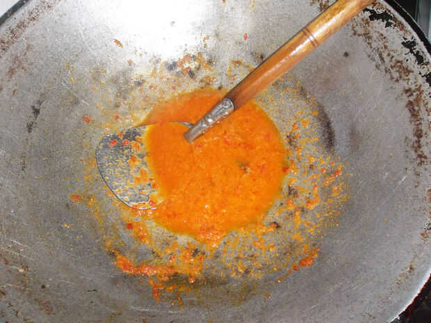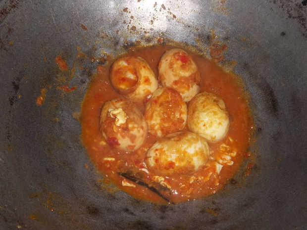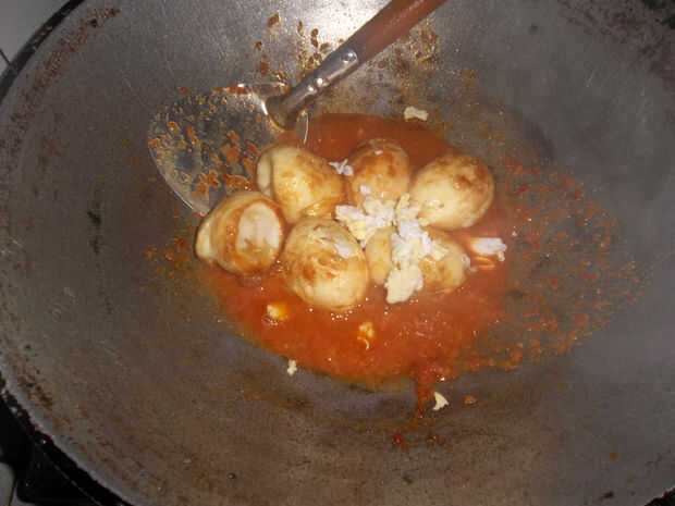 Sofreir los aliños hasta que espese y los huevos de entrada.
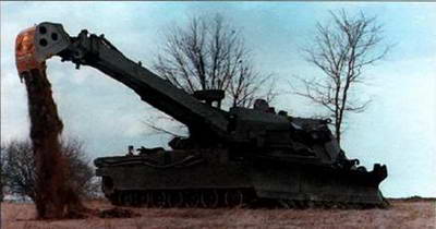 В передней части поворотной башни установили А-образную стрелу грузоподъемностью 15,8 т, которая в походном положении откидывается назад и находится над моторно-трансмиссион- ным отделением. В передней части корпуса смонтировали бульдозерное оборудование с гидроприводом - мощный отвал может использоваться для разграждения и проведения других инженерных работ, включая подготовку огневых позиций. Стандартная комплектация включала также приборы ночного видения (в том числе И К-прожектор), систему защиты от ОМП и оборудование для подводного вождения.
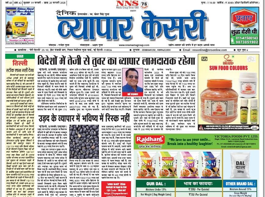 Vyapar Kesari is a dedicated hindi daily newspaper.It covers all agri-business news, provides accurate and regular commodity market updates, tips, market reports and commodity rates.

----

**Exercise prompt**
Each line of the listing must be restated word for word, and the pictures left out.

**Output for this exercise**
 Sofreir los aliños hasta que espese y los huevos de entrada.
 В передней части поворотной башни установили А-образную стрелу грузоподъемностью 15,8 т, которая в походном положении откидывается назад и находится над моторно-трансмиссион- ным отделением. В передней части корпуса смонтировали бульдозерное оборудование с гидроприводом - мощный отвал может использоваться для разграждения и проведения других инженерных работ, включая подготовку огневых позиций. Стандартная комплектация включала также приборы ночного видения (в том числе И К-прожектор), систему защиты от ОМП и оборудование для подводного вождения.
 Vyapar Kesari is a dedicated hindi daily newspaper.It covers all agri-business news, provides accurate and regular commodity market updates, tips, market reports and commodity rates.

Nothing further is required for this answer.